**PROBLEM REQUIREMENTS:**
The expected output is exactly the lines below, starting at the line with "عند تحديد ON" and ending at the line with "Guirlande de Noël Décoration", both included; no other line belongs in it.

**EXERCISE MATERIALS:**
* * * * * * *

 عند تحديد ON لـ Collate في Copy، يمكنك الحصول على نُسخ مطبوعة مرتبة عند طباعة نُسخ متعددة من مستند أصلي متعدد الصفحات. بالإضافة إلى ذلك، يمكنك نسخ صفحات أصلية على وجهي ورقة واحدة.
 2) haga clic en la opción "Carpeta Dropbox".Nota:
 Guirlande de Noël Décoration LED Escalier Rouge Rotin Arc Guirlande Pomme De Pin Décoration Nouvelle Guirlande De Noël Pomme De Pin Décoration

* * * * * * *

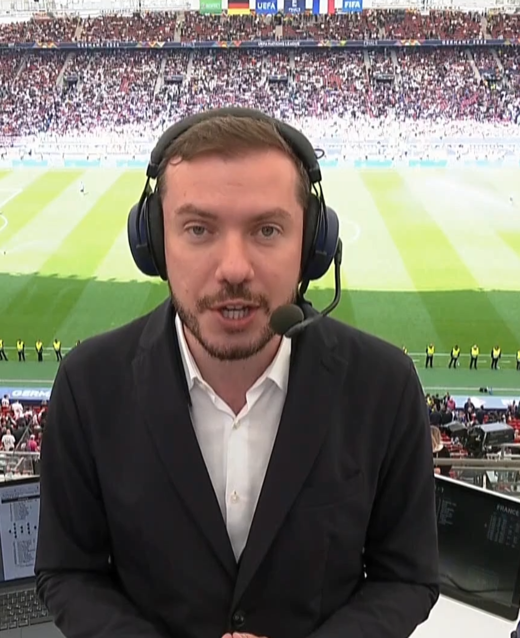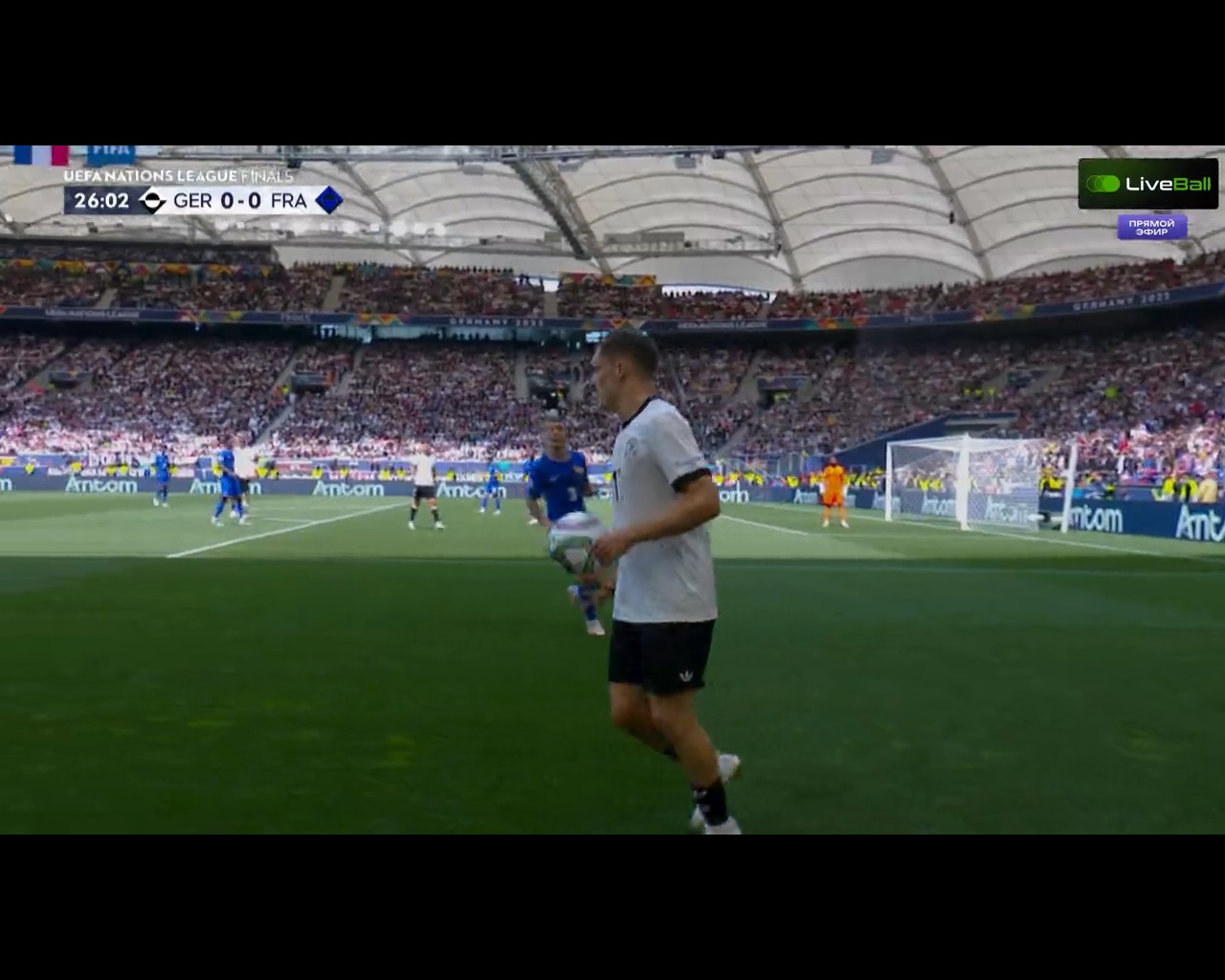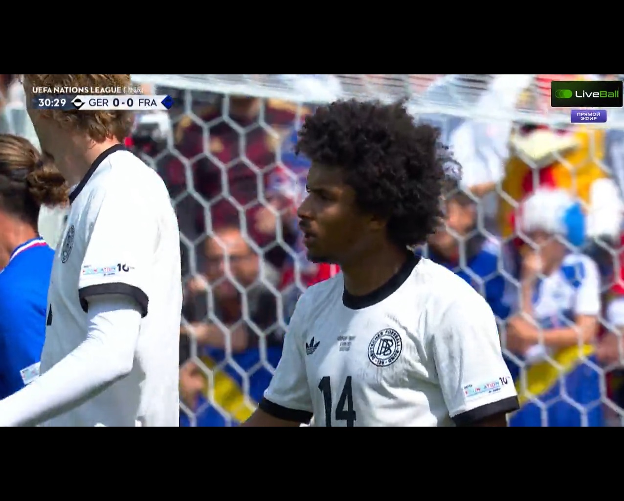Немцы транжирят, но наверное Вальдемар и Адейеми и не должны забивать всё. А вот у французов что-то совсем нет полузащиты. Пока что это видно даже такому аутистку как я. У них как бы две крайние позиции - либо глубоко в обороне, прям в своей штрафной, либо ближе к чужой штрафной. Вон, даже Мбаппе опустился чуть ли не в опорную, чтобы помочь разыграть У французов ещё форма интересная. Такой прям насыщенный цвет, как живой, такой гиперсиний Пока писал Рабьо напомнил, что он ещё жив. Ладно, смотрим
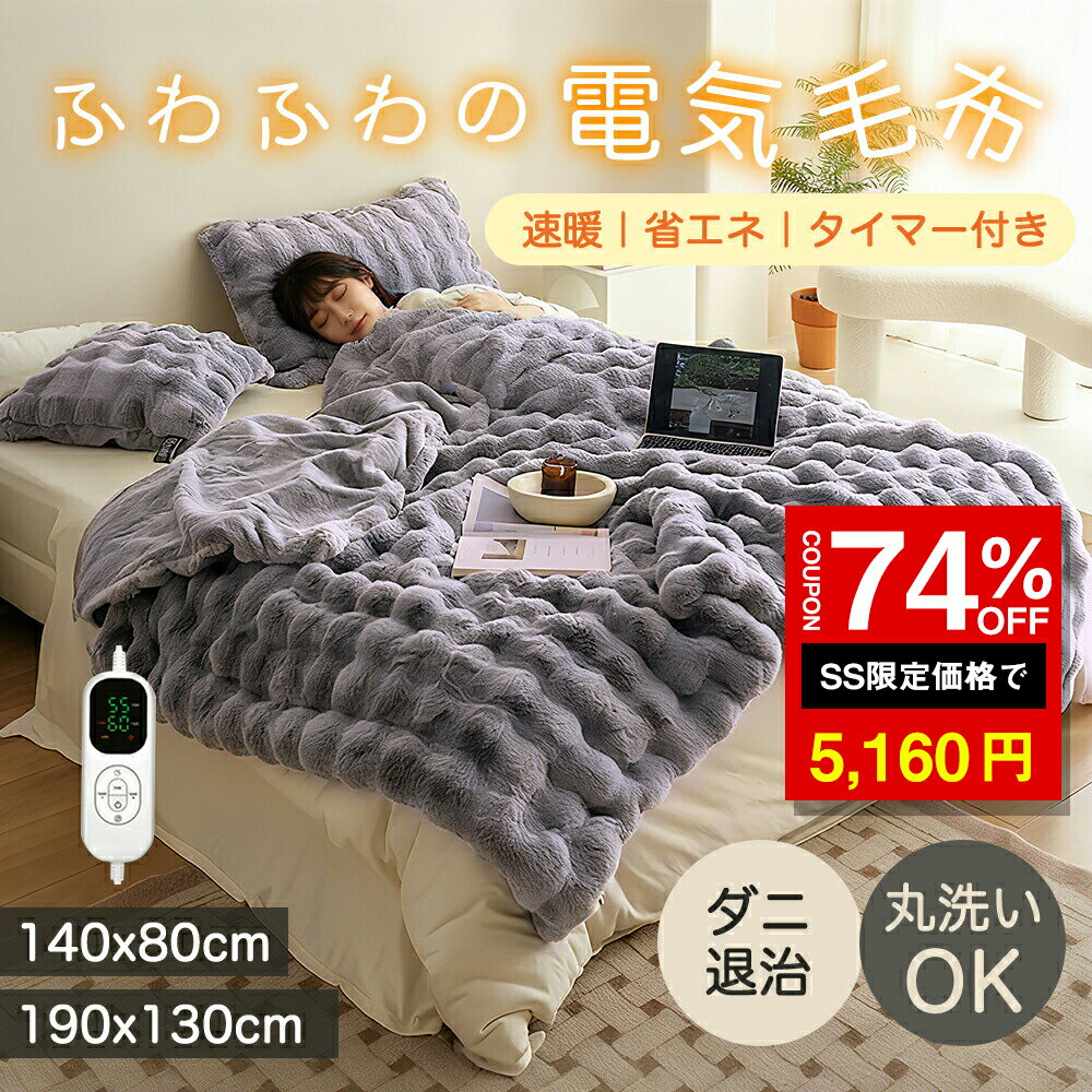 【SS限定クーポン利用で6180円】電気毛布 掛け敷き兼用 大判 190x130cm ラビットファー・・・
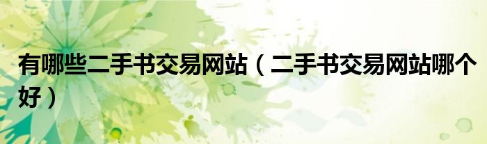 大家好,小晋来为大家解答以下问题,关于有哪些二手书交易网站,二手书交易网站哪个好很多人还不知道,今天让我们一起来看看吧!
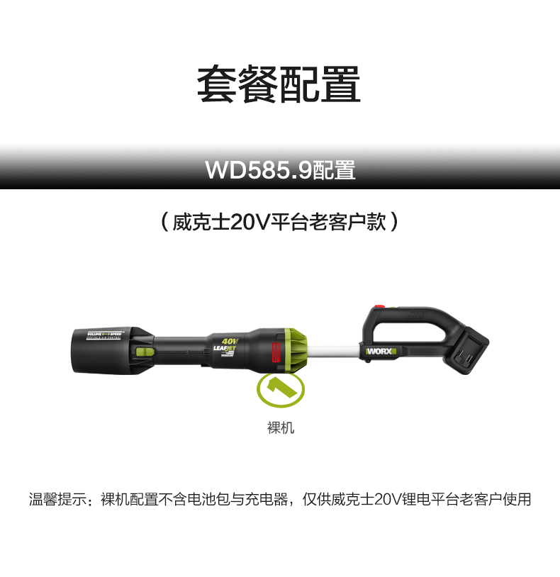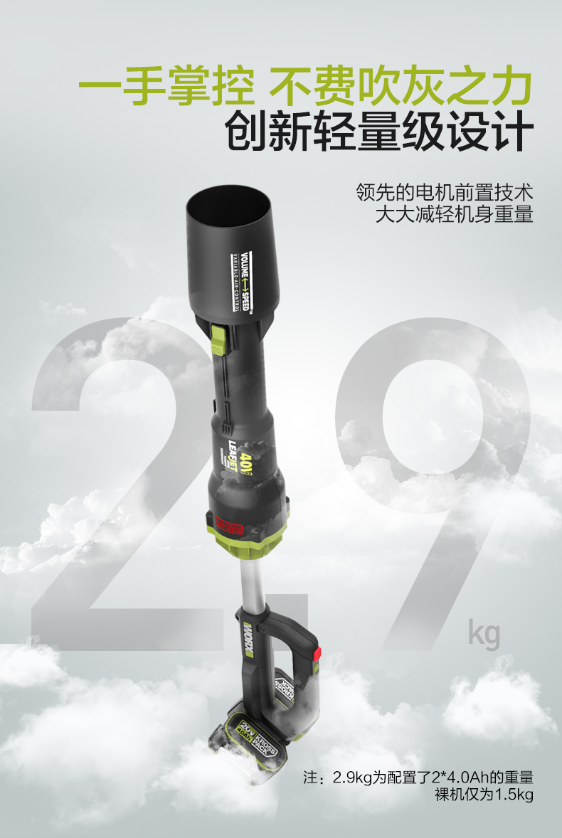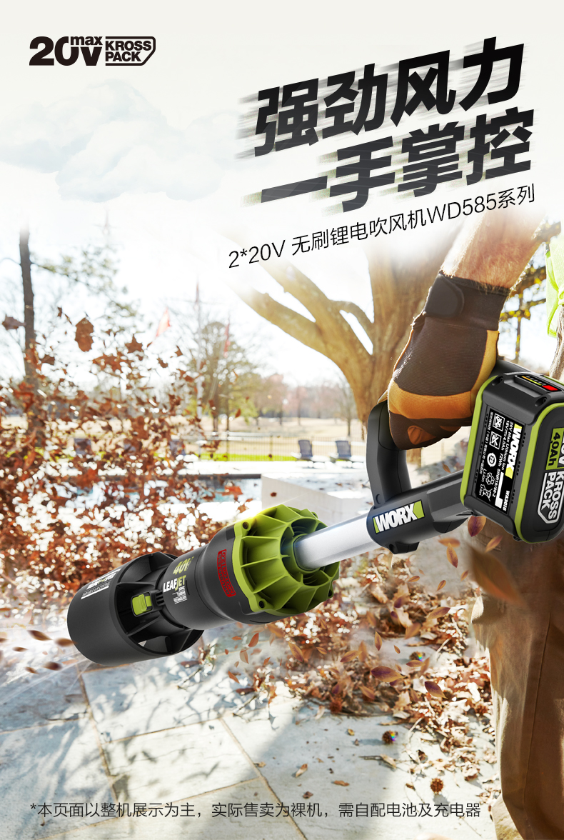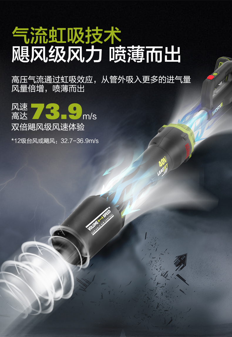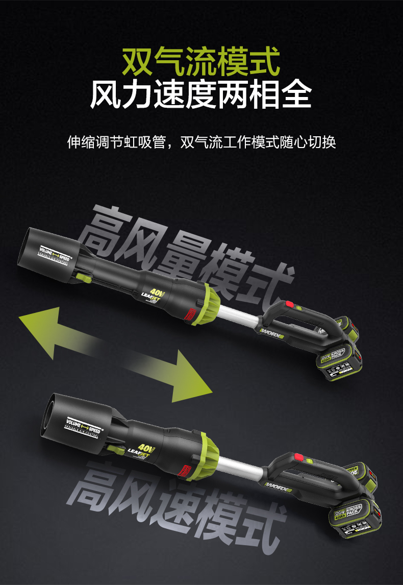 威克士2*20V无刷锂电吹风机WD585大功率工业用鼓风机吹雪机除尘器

* * * * * * *

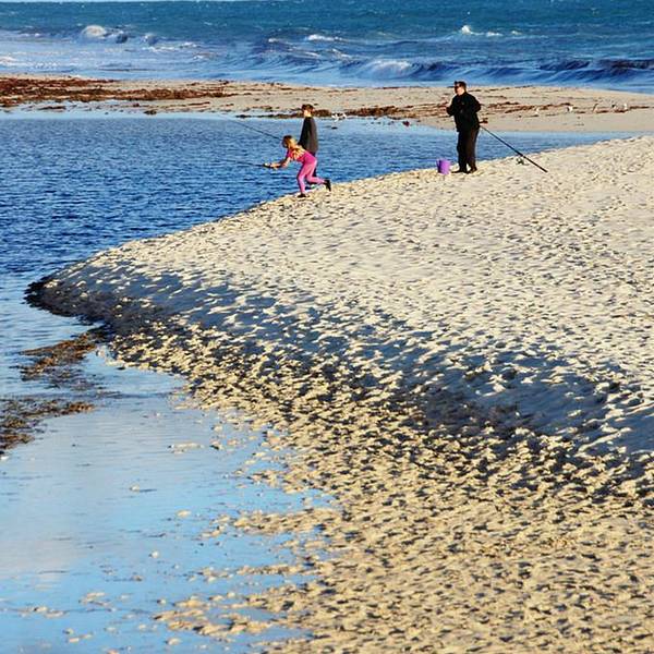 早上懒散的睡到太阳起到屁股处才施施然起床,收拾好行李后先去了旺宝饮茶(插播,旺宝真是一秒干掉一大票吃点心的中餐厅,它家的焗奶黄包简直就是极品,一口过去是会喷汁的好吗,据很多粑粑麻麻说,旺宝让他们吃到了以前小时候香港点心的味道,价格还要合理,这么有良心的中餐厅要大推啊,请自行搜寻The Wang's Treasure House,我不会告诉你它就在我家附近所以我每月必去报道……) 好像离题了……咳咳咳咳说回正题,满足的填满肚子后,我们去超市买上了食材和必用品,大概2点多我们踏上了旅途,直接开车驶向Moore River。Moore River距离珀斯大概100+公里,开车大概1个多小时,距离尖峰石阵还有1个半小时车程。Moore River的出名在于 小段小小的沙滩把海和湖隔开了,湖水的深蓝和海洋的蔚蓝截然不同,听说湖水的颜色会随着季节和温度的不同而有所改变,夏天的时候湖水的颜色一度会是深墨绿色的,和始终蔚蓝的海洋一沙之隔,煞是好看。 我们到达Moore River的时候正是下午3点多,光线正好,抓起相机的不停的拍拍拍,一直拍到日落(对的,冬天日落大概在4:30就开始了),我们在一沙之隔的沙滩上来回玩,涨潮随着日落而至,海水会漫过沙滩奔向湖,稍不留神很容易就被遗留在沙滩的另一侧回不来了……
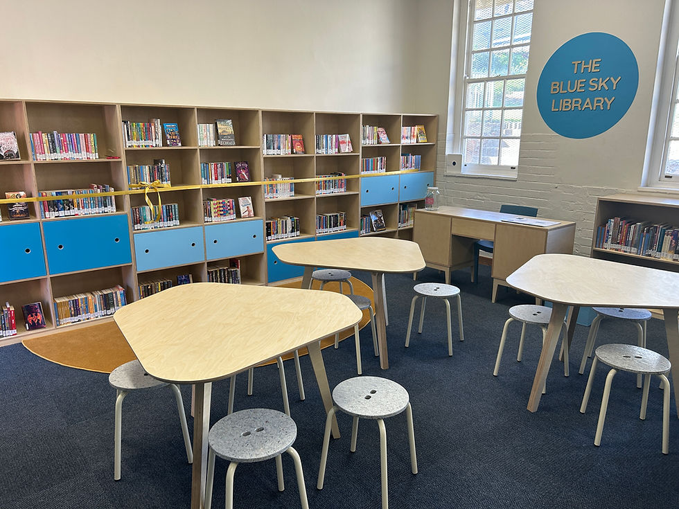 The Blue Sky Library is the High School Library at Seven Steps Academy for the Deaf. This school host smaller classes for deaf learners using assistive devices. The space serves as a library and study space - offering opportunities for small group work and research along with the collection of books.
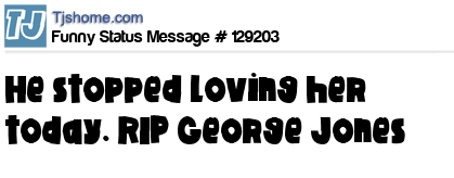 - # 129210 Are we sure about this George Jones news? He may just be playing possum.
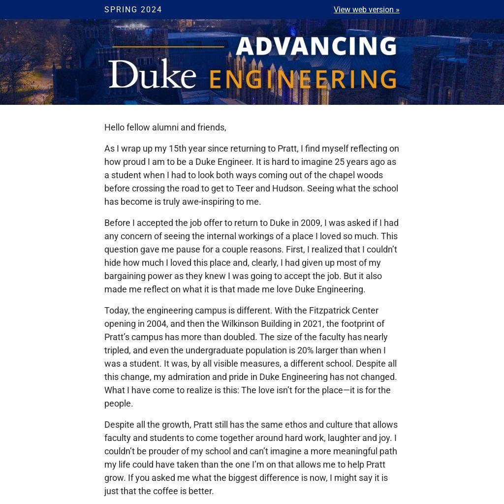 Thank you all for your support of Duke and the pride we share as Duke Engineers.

* * * * * * *

**RESULT OF THE EXERCISE:**
 عند تحديد ON لـ Collate في Copy، يمكنك الحصول على نُسخ مطبوعة مرتبة عند طباعة نُسخ متعددة من مستند أصلي متعدد الصفحات. بالإضافة إلى ذلك، يمكنك نسخ صفحات أصلية على وجهي ورقة واحدة.
 2) haga clic en la opción "Carpeta Dropbox".Nota:
 Guirlande de Noël Décoration LED Escalier Rouge Rotin Arc Guirlande Pomme De Pin Décoration Nouvelle Guirlande De Noël Pomme De Pin Décoration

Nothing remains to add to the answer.